Вместо всего этого он предлагает идею «жизненных форм», идею практики, предполагающей коммуникацию и правила, идею языковых игр и принципиальной необосновываемости этих языковых игр и «форм Жизни», их принятие на основе молчаливого согласия участников коммуникации, на основе включения этих участников в определенного рода практику, или традицию, на основе принципиального доверия к этой практике.
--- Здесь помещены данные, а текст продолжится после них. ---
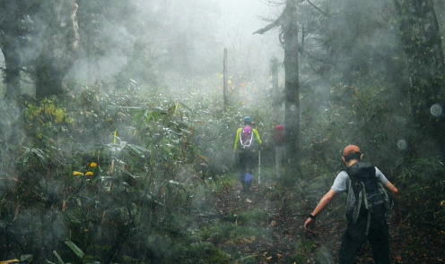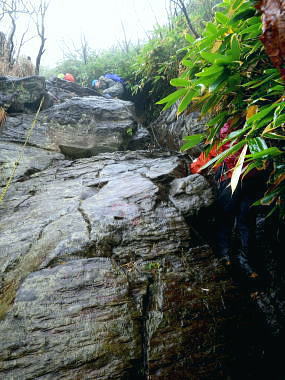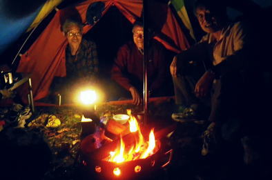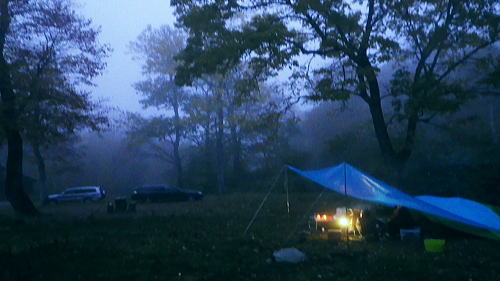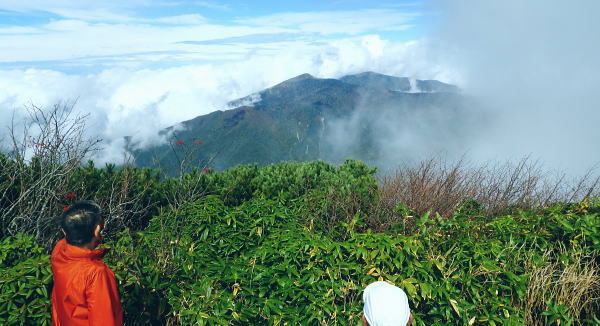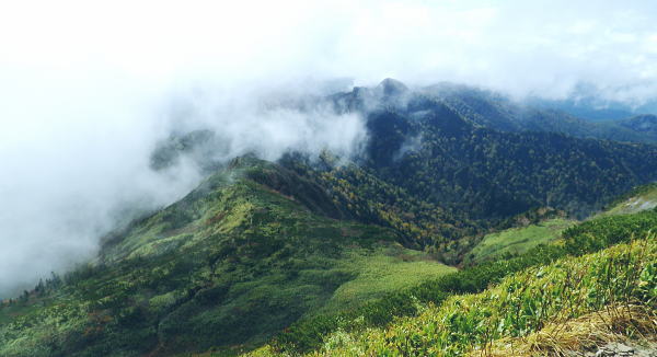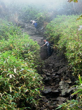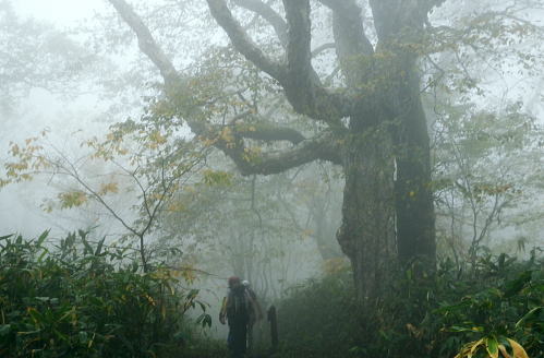 | ゆけむり街道を綴り.再び奥利根の晩秋の「水源の森」を起点にを田代湿原から.上州武尊を山ピストン 2013年10月10〜12日 L松村.m見城.滝島.鈴木 「水源の森」から濃霧の上州武尊山・・突然ガスは途切れ頂から望む至仏山 日当たりの復路.翌日は更に奥利根へとゆけむり街道へ 上州武尊山は上州片品村沼田市.みなかみ町.川場村の4市町村に跨る独立峰で.古くから山岳信仰の山として崇められてきた。 又武尊山の裾野を取り囲む街道を繋ぐ道路は現在「ゆけむり街道」として親しまれていた。 昔は金精峠や尾瀬口として武尊山の表側の街道として.沼田駅から路線バスに揺られ.沼田街道を通るのが常だった。 2010年10月.会津浅草岳からの帰路.三国街道から猿ケ京に入り.「ゆけむり街道」を綴って.奥利根「水源の森」に寄っている。 今回はその逆ルートで入山し.中秋のブナの森に囲まれた「水源の森」にベースキャンプを設け.上州武尊山の頂を目指す。時期も丁度同じ頃だった。 1974年12月に木賊から薄根川川場谷遡行している。尾根まで登れず.氷雪に閉ざされ.造林小屋で野宿し中退していた。それ以来の本峰登山になる。 奥利根「水源の森」キャンプ場.14:13曇天の山 前日9日の午前中に台風24号は温帯低気圧に変わり.10日は本州一帯は移動性高気圧に覆われ,晴れ間が多くなる。 暖かい南風は全国的に9月上旬〜中旬並みの気温になり.西日本では真夏日も多かった。 前線が本州南岸を抜けるも日本海には高気圧帯が残り.下層は南風の暖湿気が流入している。 朝方出発時.自宅前では下層に積雲が南風に乗り.上層は北よりの筋雲が共に強く流れているのを見上げている。 台風後の好天は長続きしなかった。関越道を取り囲む山々は層雲に覆われ.山々の頂を望むこともできなくなっている。 沼田のスーパーで買い出しを済ませ.道の駅で昼食を摂るまではよかった。「奥利根ゆけむり街道」に入ると完全に雨雲に覆われた。 奥利根ゆけむり街道 川場尾根.背嶺(花咲)峠の隧道を抜け.武尊山の南面の裾を横切ると幡谷にでる。そして大きくUターンし沼田街道に入る。 片品(鎌田)で金精峠への街道を右に分けている。左前方には武尊山が眺められる筈だがもう低い雨雲に覆われ望められず。 又この辺は針葉樹が多いこともあり.紅葉は疎ら過ぎていた。車は戸倉から坤六峠へ一気の登り詰めている。 鳩待峠への分岐, 看板には「車の規制は15日まで」と記されていた。人気の尾瀬も連休を過ぎれば終わりを迎える。休まず「水源の森」へ。 ジグザグにハンドルを切ると雑木林に囲まれ.山肌は次第に赤.黄葉の賑やかさが増し.細久保沢を渡れば.出合の「水源の森」にでる。 今回はここにベースキャンプを設け.上州武尊山をピストンする。 焚火用釜を囲みキャンプが始まる10月10日(木).曇後霧雨 jr御徒町¥160+5¥00. 7:26=7:55池袋東上線急行8:00=8:42若葉.全員集合9:06=T邸=9:31鶴ケ島IC =10:30沼田IC=スーパー「ベイシヤ」.買い出し11:10=道の駅「川場田園フラザ」.昼食12:10=13:05坤六峠(こんろく) =13:35奥利根「水源の森」キャンプ場. 沼田ICを降り。「ゆけむり街道」を綴り上州武尊山の裏側に当たる目的のキャンプ地「水源の森」にでる。 キャンプ場から望む武尊山は位置からして南西に聳えている筈だがここからは牛首山の山腹に阻まれている。 その上まだ昼下りだが層雲は厚さを増し.周りを薄暗くさせていた。 それでも明るい台地. この先直ぐ下流には照葉峡があり.今旬の紅葉美が渓谷を絨毯の如く被いを飾り立てている。 陽さえ射していれば自然林の混合黄葉が煌めき.樹葉の一枚.一枚に新たなうぶきを与え.鮮やかさ錦絵の紅葉を増させることだろう。 ただ天空は更にどんより落ち始めていた。 ここ「水源の森」は標高1400m. 西山(1898m三角点峰)西麓周辺に広がるブナの森林帯。 林野庁が選定したブナの森にあり.木ノ根沢源流の細久保沢.左ノ又沢.右ノ又沢.マキバ沢の各出合が絡まっていた。 流水は利根川水系湯ノ小屋沢木ノ根沢で奈良俣ダム直下にあり利根川に合流している。 緩やかな河原状の台地が広く開かれ,ブナの森には幾つもの遊歩道があり,整備されていた。駐車場に天幕使用可.無料.無人 新緑.黄葉の景勝地. 5/下旬〜11/上旬.紅葉は10/上旬〜11/下旬が見頃。 昨年7月から周遊道路は一方通行になる。又下流は直ぐ雑木の渓谷になり.色彩豊かな樹葉が覆い照葉峡の絶景を創っている。 その沢沿いに走る県道水上片品線は別名「ゆけむり街道」。 霧雨.日没前にシート掛けテント口へ移動 ![]() シート下に釜と照明器を並べる 天幕は夏に馬場島で使用した5人天.30年前のテントだが確りしている。今回は前回は馬場島のキャンプ. 反省から雨シートとブルーシートを共に大き目のものを使用した。そして幕営には雨を覚悟して設定場所も考慮している。 最近は山と山生活を主に.滝さんが炊事道具を多く持ち込み。テント生活を楽しく盛り上げている。 アルコール類も考慮.ビールに焼酎.ウィスキーに地酒「谷川岳」を購入。ビールは半ダースほど残る程度

Науки о человеке изучаются Витгенштейном прежде всего на материале психологии. Философ вообще считал, что основные проблемы психологии имеют не столько эмпирический, сколько концептуальный характер и связаны с анализом логических связей (или, как предпочитал он выражаться, с анализом грамматики) основных понятий психологии. А эти понятия выражаются в обыденном языке, в разных языковых играх, соответствующих разным формам жизни. Поэтому витгенштейновская философия психологии — это прежде всего критика основных теоретических конструкций, из которых исходила современная ему психология (а он внимательно изучал работы многих современных ему психологов, в частности, В.Джеймса, В. Келера и др.) и вместе с тем формулировка того понимания психических феноменов, которое Витгенштейн считал адекватным, соответствующим правилам употребления психологических терминов в обычной речевой коммуникации. Анализ этой речевой коммуникации (в разных языковых играх) и является по мнению философа ключом к пониманию того, что мы считаем психической жизнью.
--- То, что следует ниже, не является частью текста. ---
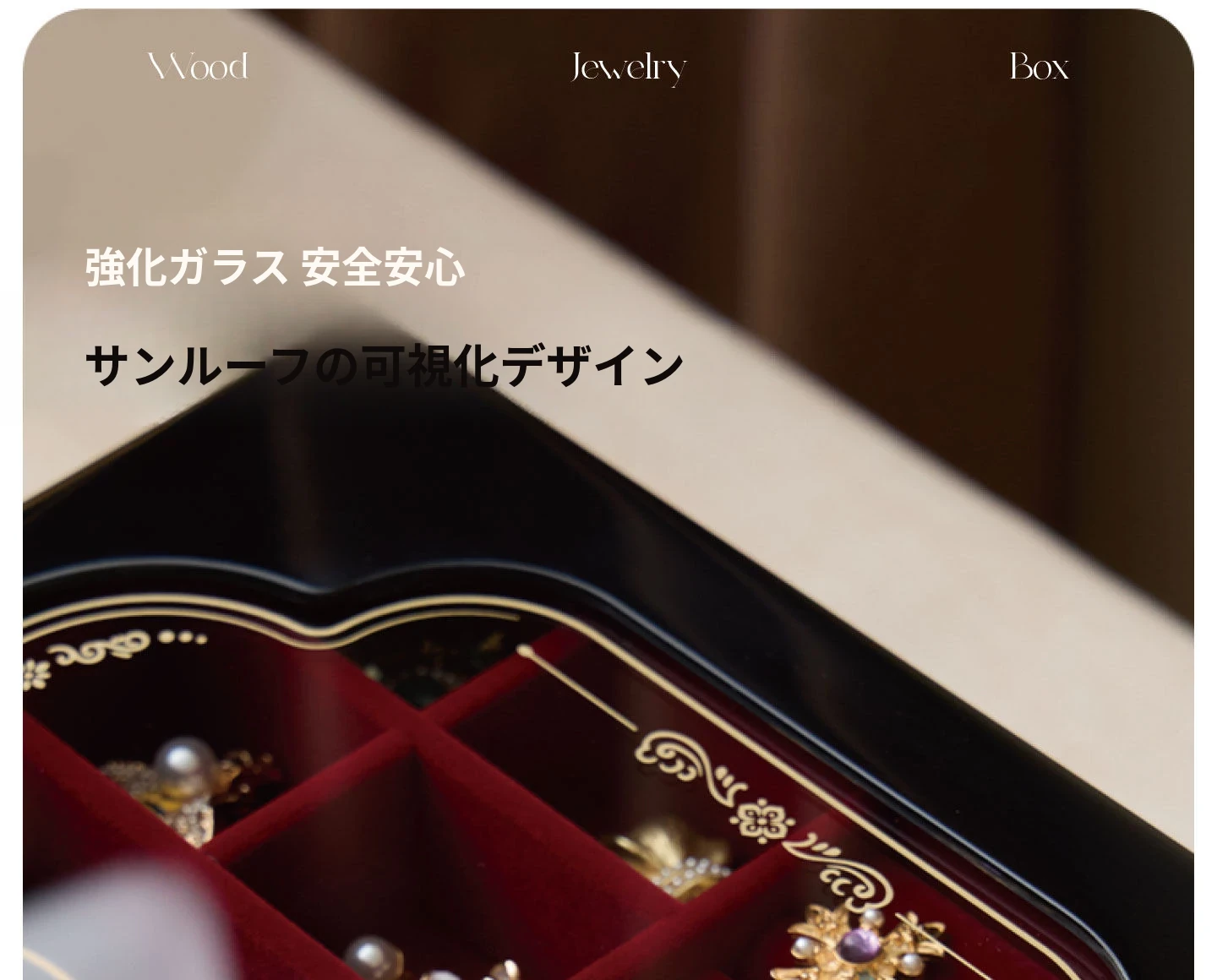 ラッカー仕上げのジュエリーボックス ガラスタイプ 赤のベルベット布 ギフトボックス入り

По Витгенштейну философия вообще может больше сказать о психической жизни, чем психология. Философ был довольно низкого мнения о возможностях психологии как науки (Wittgenstein, 1980). Он подчеркивал, что отличия психологии от естественных наук связаны вовсе не с тем, что первая еще недостаточно созрела как научная дисциплина (это было мнением многих психологов в 20-е, 30-е гг., в частности, В. Келера, которого Витгенштейн изучал), а с тем прежде всего, что психологическое знание принципиально иного рода, чем знание естественнонаучное. В отличие от естествознания, бессмысленно даже предполагать возможность какого-то революционного открытия в психологии, переворачивающего наши представления, ибо все основное о нашей психической жизни нам известно из нашего обычного опыта, выраженного в языке. В актах речевой коммуникации и выражается наша психическая жизнь. Для того, чтобы выяснить взаимоотношения между основными состояниями сознания (ощущения, чувственные впечатления, представления, эмоции), диспозициями (эмоциональные установки, формы убежденности), психическими действиями (переживания, тенденции, акты воли), возможностями (знание, понимание), достаточно философского анализа различного рода языковых игр (в которых акты коммуникации вплетены в разного рода действия и сами выступают как действия). Психологический эксперимент мало что может дать в этом отношении. Что же касается возможности предвидеть действия другого человека, формулировать законы его поведения (по образцу тех законов, которые формулируются в естественных науках), то так называемая научная психология вряд ли что может предложить. Действия другого человека вообще в большинстве случаев непредсказуемы. Тем не менее знание о другом человеке и возможность если и не предсказать, то понять его действия, можно получить. Но это знание (во многом интуитивное) не вырабатывается в психологии, а возникает в ходе практической коммуникации с другим, в результате которой устанавливается практическая согласованность действий и взаимопонимание (которое, как правило, не вербализуется, ибо лежит в основе самой коммуникации).